REVIEW: “FATWA: HUNTED IN AMERICA” by PAMELA GELLER

Mo-Cartoon-for-TOS

For a monster, Pamela Geller is surprisingly likeable. For a rabid Far Right hatemonger she’s surprisingly liberal: although she is politically on the Right she’s a supporter of gay marriage, pro-choice, etc. For a Nazi/fascist/white supremacist, she’s a bit too proudly Jewish. For an anti-Muslim bigot she seems to have spent rather a lot of time helping Muslims, especially young Muslim females escaping from violence.

And for an ignorant Islamophobe, she seems to know quite a bit about Islam.

READ! IN THE NAME OF YOUR LORD

All right-thinking souls know that the Twin Towers were brought down by George W. Bush to effect a tyrannical takeover of the United States for a couple of years, before putting himself up for re-election. Back in 2001 however, Pamela Geller somehow got the idea that Islamists had something to do with it.

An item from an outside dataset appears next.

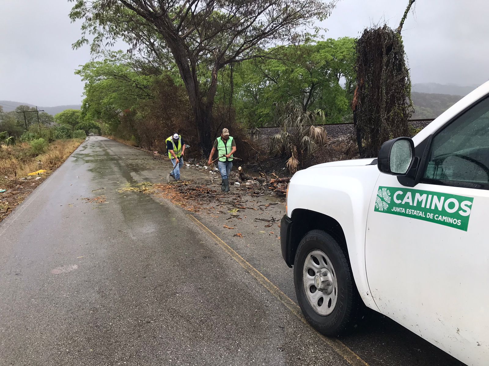Las cuadrillas de la Junta Estatal de Caminos reportan los caminos recorridos en atención a derrumbes, caídas de piedras, drenaje en encharcamientos, retiro de maleza y árboles desplomados:

She responded to 9/11 with an attack of her own, an intellectual assault on the ideology of jihad, learning everything she could and doing her best to educate others too.

Perhaps she should have just listened to affable celebrity Reza Aslan. After a particularly big terror attack – I forget whether it was the one where we all responded by holding up inflatable pencils, or the one where we sang “Bridge Over Troubled Water,” or the one where… – Reza appeared on CNN to patiently yet indignantly deny any connection between these violent acts and the teachings of his faith, which, he stated, “is just a religion, and like every religion it depends on what you bring to it.” Whatever questions I may have had about Islam, that certainly answers all of them. But Reza and his nice smile weren’t around in the immediate aftermath of the 2001 attacks, so, while all proper-minded Americans were wondering how long before the TV and the football got back to normal, Pamela Geller started slogging through ibn Ishaq’s “Life Of Muhammad” and Ali Dashti’s “Twenty-Three Years,” she began penetrating the Quran.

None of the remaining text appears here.